Entries supplied:
────────────────────

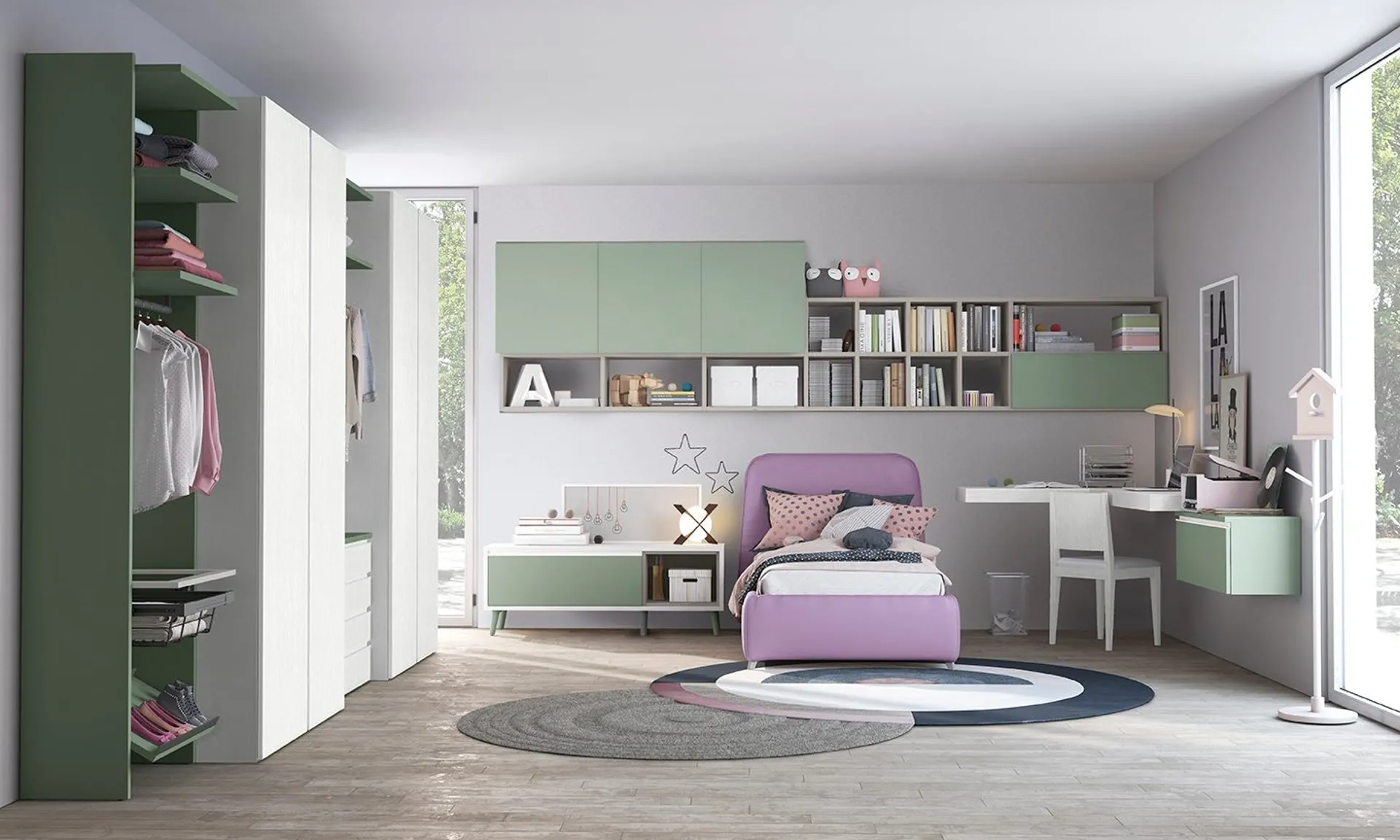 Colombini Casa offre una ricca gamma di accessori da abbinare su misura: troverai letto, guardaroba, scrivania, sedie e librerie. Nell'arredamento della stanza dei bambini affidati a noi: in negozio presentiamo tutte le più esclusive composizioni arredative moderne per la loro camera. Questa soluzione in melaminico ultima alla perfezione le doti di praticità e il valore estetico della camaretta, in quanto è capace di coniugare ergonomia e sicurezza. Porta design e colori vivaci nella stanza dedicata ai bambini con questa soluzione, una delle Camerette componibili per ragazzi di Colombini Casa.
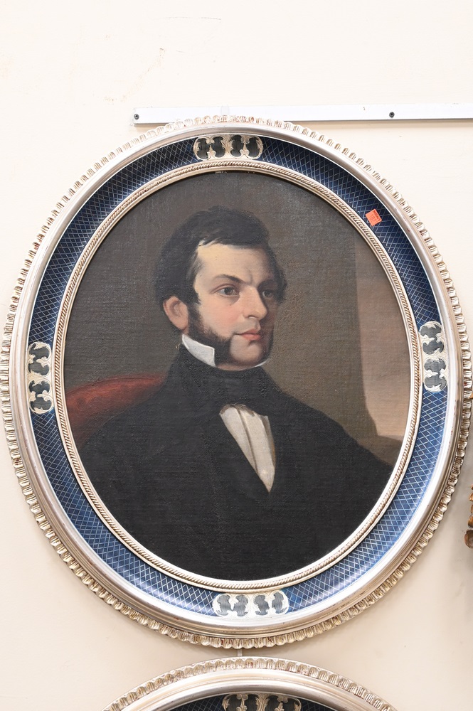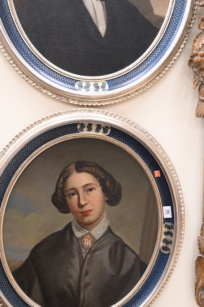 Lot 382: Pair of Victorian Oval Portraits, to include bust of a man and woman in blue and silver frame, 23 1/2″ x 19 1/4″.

────────────────────

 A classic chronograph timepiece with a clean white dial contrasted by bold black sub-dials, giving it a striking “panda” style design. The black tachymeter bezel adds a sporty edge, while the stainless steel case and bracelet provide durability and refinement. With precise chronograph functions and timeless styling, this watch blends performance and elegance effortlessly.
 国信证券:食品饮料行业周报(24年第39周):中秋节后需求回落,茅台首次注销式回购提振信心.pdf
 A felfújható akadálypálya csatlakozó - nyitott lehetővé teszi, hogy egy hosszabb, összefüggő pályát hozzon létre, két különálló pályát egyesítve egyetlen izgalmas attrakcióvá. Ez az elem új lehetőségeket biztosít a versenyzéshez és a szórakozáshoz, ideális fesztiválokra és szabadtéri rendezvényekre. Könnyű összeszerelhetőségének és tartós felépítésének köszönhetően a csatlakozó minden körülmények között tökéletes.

────────────────────

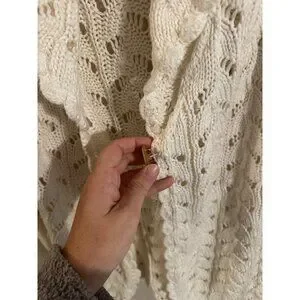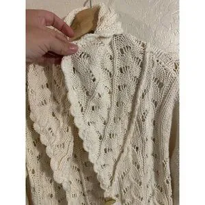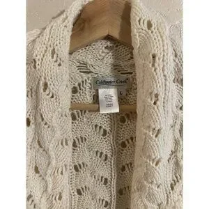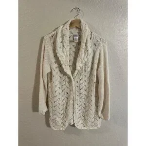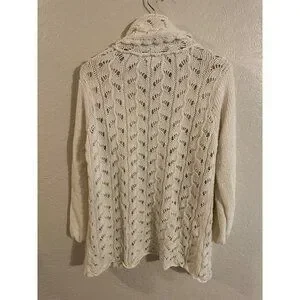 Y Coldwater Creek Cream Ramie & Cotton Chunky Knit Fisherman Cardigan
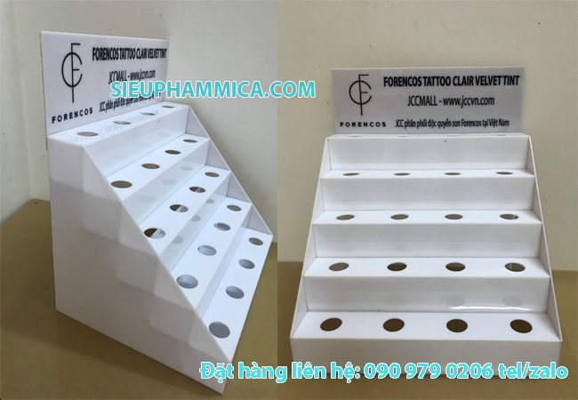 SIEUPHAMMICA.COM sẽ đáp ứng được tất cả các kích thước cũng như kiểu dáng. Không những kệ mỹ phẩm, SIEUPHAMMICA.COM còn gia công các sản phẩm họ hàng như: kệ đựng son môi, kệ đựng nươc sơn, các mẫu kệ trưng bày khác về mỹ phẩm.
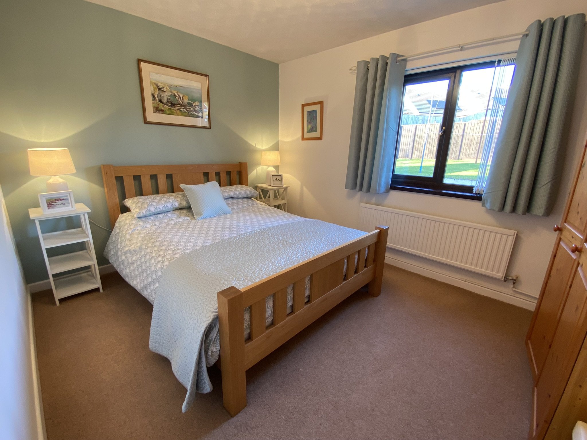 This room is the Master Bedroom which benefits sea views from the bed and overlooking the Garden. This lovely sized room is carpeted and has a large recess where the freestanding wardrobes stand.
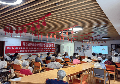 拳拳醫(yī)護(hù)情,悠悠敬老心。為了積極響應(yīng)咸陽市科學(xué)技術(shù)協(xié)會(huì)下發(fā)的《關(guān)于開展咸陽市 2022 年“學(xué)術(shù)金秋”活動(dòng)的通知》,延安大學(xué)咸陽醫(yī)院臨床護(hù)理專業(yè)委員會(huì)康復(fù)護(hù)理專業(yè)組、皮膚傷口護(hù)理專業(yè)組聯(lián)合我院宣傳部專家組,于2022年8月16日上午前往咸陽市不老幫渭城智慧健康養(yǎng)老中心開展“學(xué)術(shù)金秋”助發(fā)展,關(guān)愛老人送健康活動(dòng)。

────────────────────

Problem:
What is needed is an exact copy of the lines above, from the one holding "Colombini Casa offre" down to the one holding "Lot 382: Pair", with those two included and the pictures left out.

Answer:
 Colombini Casa offre una ricca gamma di accessori da abbinare su misura: troverai letto, guardaroba, scrivania, sedie e librerie. Nell'arredamento della stanza dei bambini affidati a noi: in negozio presentiamo tutte le più esclusive composizioni arredative moderne per la loro camera. Questa soluzione in melaminico ultima alla perfezione le doti di praticità e il valore estetico della camaretta, in quanto è capace di coniugare ergonomia e sicurezza. Porta design e colori vivaci nella stanza dedicata ai bambini con questa soluzione, una delle Camerette componibili per ragazzi di Colombini Casa.
 Lot 382: Pair of Victorian Oval Portraits, to include bust of a man and woman in blue and silver frame, 23 1/2″ x 19 1/4″.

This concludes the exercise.